Back in 2018, well over half of respondents said they envisioned running all workloads exclusively in either a private or public cloud one day. Since then, however, respondents' attitudes have drastically shifted toward the use of multiple IT environments. So, rather than working to consolidate on a particular infrastructure or operating model - as seemed desirable in 2018 - most enterprises now see the inevitability, and even benefits, of running workloads across clouds, on-premises and at the edge.
The goal now is to make this mixed model more efficient, especially when managing IT environments across the edge to the core. Greater diversity is leading to increased complexity, with nearly all respondents saying they would benefit from having a single, unified control plane to manage applications and data across their increasingly diverse IT environments.
Key findings from this year’s report include:
Most organisations use more than one type of IT infrastructure, and nearly all agree that having a single platform to manage them together and consistently would be ideal.

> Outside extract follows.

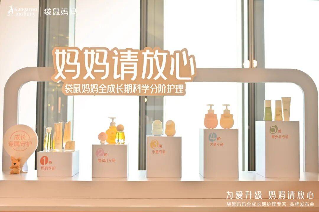 基于这一理念,袋鼠妈妈品牌突破性提出覆盖妈妈、婴幼儿、小童、大童、青少年五大阶段的“五阶护理”概念。

UK companies lead in their use of mixed IT infrastructure with 73% reporting the use of multiple IT environments compared to a 60% global average. In the UK that figure is expected to rise to 86% in one to three years (74% globally).
Data security and management considerations drive IT infrastructure choices. Data is driving infrastructure decisions for enterprises, with data security, protection and recovery, and sovereignty topping the list of key drivers. However, visibility is a growing challenge and while 94% of respondents agree that having full visibility is important, only 40% reported having complete visibility into where their data resides.
Cloud cost control ranks as a top IT management challenge. Among respondents, 85% consider cloud cost a challenging IT management issue with more than a third (34%) ranking it “significant”. More specifically, application migration across clouds is currently a pain point for organisations with 86% of respondents agreeing that moving applications between environments can be complex and costly. Additionally, nearly half of respondents (46%) plan to repatriate some applications to on-premise datacentres to mitigate cloud costs in the year ahead.
Nearly all companies developing their own applications have begun using open-source Kubernetes orchestration (96%). Those respondents, however, cite designing and configuring underlying infrastructure, storage, and database services as a key challenges of those deployments.
Interestingly, sustainability has become a much more pressing priority with nearly all respondents (92%) agreeing that sustainability is more important to their organisation than it was a year ago. A shift in priorities driven primarily by corporate Environment, Social and Governance (ESG) initiatives (63%), supply chain disruptions (59%), and customer purchasing decisions (48%).